Indiana Jones and the fedora boom
In a summer crowded with blockbusters, Disney may sweat to recoup the $295m it reportedly spent making “Dial of Destiny”, the fifth and final Indiana Jones film, out on June 30th in America. But the movie is already a hit for a firm in another industry. Herbert Johnson, a 134-year-old London hatmaker, is fielding soaring demand for a certain fedora.

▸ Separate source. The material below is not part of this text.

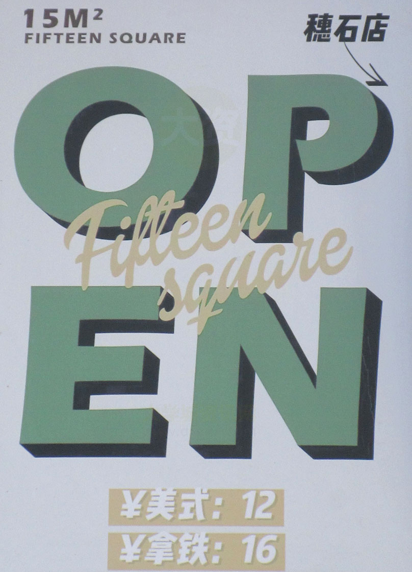 | 穗石大道东西向段&北段&中段 南列偏西 看到新开一家叫Fifteen Square 15㎡ 的咖啡店 美式12元 拿铁15元 | ||||||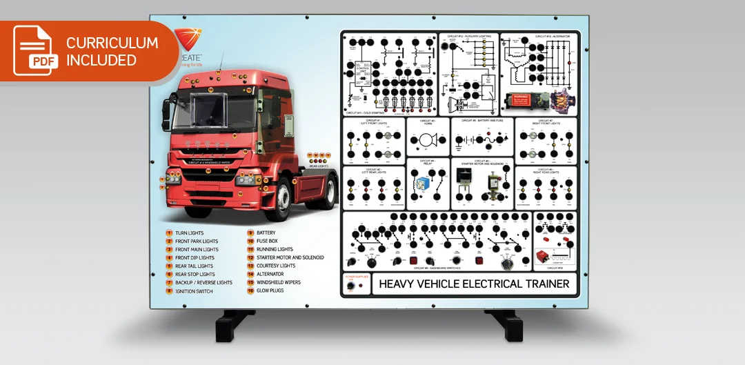 This trainer provides students and instructors with the opportunity to demonstrate, investigate and fault-find a simulation of typical diesel electrical systems. The trainer is designed to allow access to a variety of test points for vehicle electrical components, as well as provide an understanding of the overall system layout and configuration.

“It’s been just glorious,” says Michelle Poyer-Sleeman, the master hatter who designed the latest iteration of the Poet, the hat first donned by Harrison Ford in “Raiders of the Lost Ark” in 1981. The firm had to keep the product under its hat until a couple of weeks before the movie’s launch. But already the “Destiny Poet” has caused a seven-fold rise in Herbert Johnson’s revenue since June last year. A backlog of over 300 orders waits to be handmade in a workshop that hums with the sound of fans, steam and irons.
The boom marks a sharp turnaround for the firm. After the success of “Raiders” it provided Indy’s hats in the follow-ups, “Temple of Doom” (1984) and “Last Crusade” (1989). But a downturn in hat-wearing brought hard times. Venerable hatters such as Italy’s Borsalino went bust. Herbert Johnson was sold and for a while stopped making its hats in-house. For “Kingdom of the Crystal Skull”, Indy’s fourth adventure, in 2008, the producers went elsewhere.